– Лейтенант, – совсем не по уставу обратился к Суровцеву разведчик кавказского вида. Он тащил коробку питания за спиной, – передохнуть бы. Тяжела бандура-то, на все двадцать килограмм потянет.
– Пятнадцать, – поправил Володя, – некогда отдыхать, передайте её товарищу, задание у нас срочное, безотлагательное. – Володя вытащил карту из планшета и сверился с местностью, шли правильно, с правой стороны остался брошенный хутор, ещё километр и будет мостик. Сам он нёс рацию, побоялся доверять её чужим, вдруг ещё стукнет ненароком. Тяжеловат груз, но пришлось взять «РБ-Мку», лёгкий «Север» решил оставить, он мог подвести в самый нужный момент.
– Эх, на войне всё срочное, только смерть может подождать.
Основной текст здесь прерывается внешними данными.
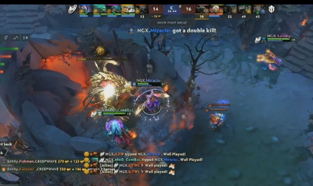 26分钟,Nigma打肉山,混沌骑士在外面开视野吃了祸乱之源大招和卡尔一套爆发。死亡先知开启BKB先手追着谜团走,谜团被杀后买活过来拉大招输出圣堂刺客,死亡先知及时击杀BKB谜团,让圣堂刺客成功反打。圣堂刺客收割成功,将Entity打了一波四人团灭,控下了二代肉山,Nigma经济一下子领先达到7K。

Бери, Васюта, аккордеон с гирями, – твоя очередь, вишь, лейтенант спешит.
Володя недовольно глянул на развязного бойца, но промолчал, не до того было. Ещё раз прислушался, пытаясь поймать звуки боя. Но впереди по-прежнему царила тишина, такая желанная порой и такая зловещая сейчас. Её нарушало лишь обычное на фронте нечастое ухание пушек. «У-ух!» – раздавалось где-то, потом долгие минуты шума ветра и снова: «У-ух!»
Семёныч пишет письмо
Только-только Семёныч задремал, как у лаза в подвал раздался зычный голос полкового почтальона, такого же, как и он, старичка по местным понятиям: «Почта, ребятки, почта, налетай, хватай, жонке письма посылай! – и после небольшой паузы. – Терентий, где ты там? Тебе!»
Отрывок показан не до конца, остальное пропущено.